WHAT YOU WILL DO: The answer should hold only the lines from the beginning of the material through the one with "Not The Yellow", reproduced exactly and without pictures.

DATASET CONTENT:

[Start of section]

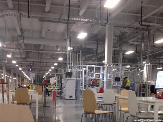 生產(chǎn)區(qū)廣角鏡頭。能看到忙碌的工人,以及一些貌似用來(lái)休息的桌子和椅子。
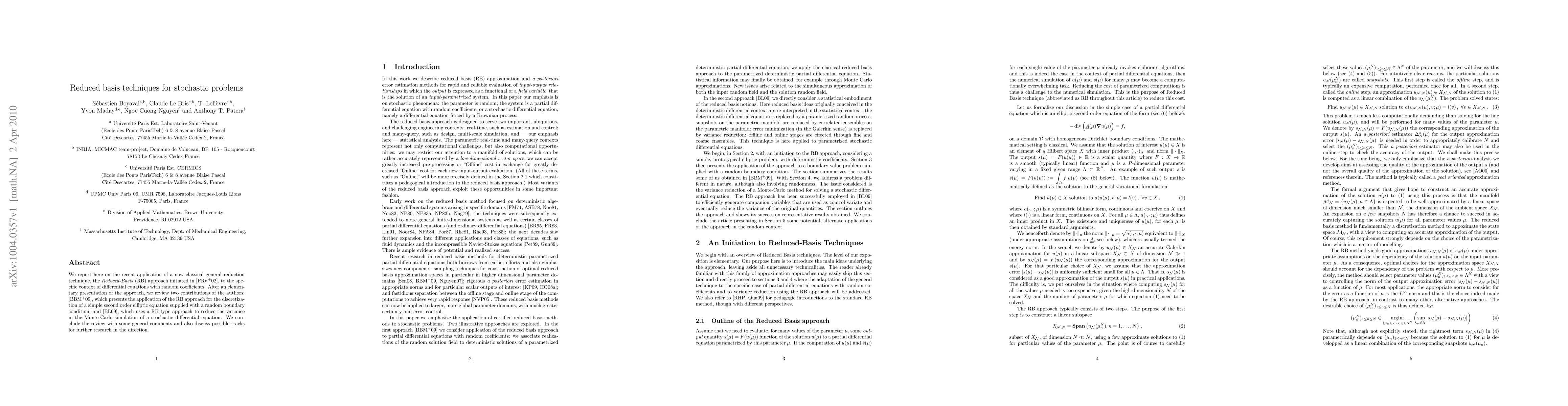 This paper reviews the application of Reduced-Basis techniques to stochastic differential equations with random coefficients, highlighting two key contributions: one for discretizing elliptic equations with random boundary conditions and another for variance reduction in stochastic differential equations. The authors discuss potential future research directions.
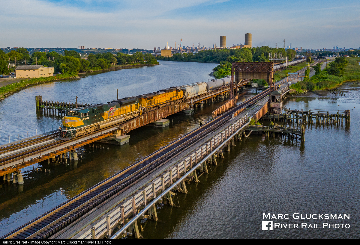 Not The Yellow We Expected. On August 17, 2019, CSX K603-17 (Philadelphia, PA - Bensenville, IL) was led by Union Pacific Railroad 1995 (Chicago & North Western/C&NW Heritage, SD70ACe), seen crossing Overpeck Creek into Ridgefield Park, New Jersey with the NYC skyline in the background. This unusual visitor had brought loaded ethanol cars on K602 several days prior and was returning the empties. The bridge in the foreground carries trains of the New York, Susquehanna, and Western Railway, whose corporate scheme is yellow and black.
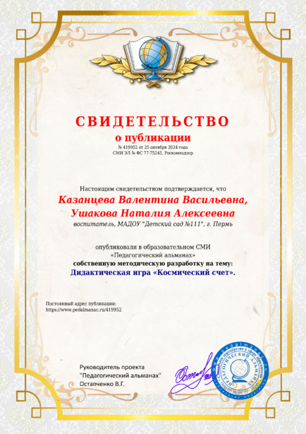 Казанцева, В. В. Дидактическая игра “Космический счет”. [Электронный ресурс] / Валентина Васильевна, Казанцева // Педагогический альманах : [сайт]. - 2024. - 25 октября. - [Россия]. - Режим доступа: https://www.pedalmanac.ru/419952, свободный. - Загл. с экрана.

[End of section]

YOUR SOLUTION:
 生產(chǎn)區(qū)廣角鏡頭。能看到忙碌的工人,以及一些貌似用來(lái)休息的桌子和椅子。
 This paper reviews the application of Reduced-Basis techniques to stochastic differential equations with random coefficients, highlighting two key contributions: one for discretizing elliptic equations with random boundary conditions and another for variance reduction in stochastic differential equations. The authors discuss potential future research directions.
 Not The Yellow We Expected. On August 17, 2019, CSX K603-17 (Philadelphia, PA - Bensenville, IL) was led by Union Pacific Railroad 1995 (Chicago & North Western/C&NW Heritage, SD70ACe), seen crossing Overpeck Creek into Ridgefield Park, New Jersey with the NYC skyline in the background. This unusual visitor had brought loaded ethanol cars on K602 several days prior and was returning the empties. The bridge in the foreground carries trains of the New York, Susquehanna, and Western Railway, whose corporate scheme is yellow and black.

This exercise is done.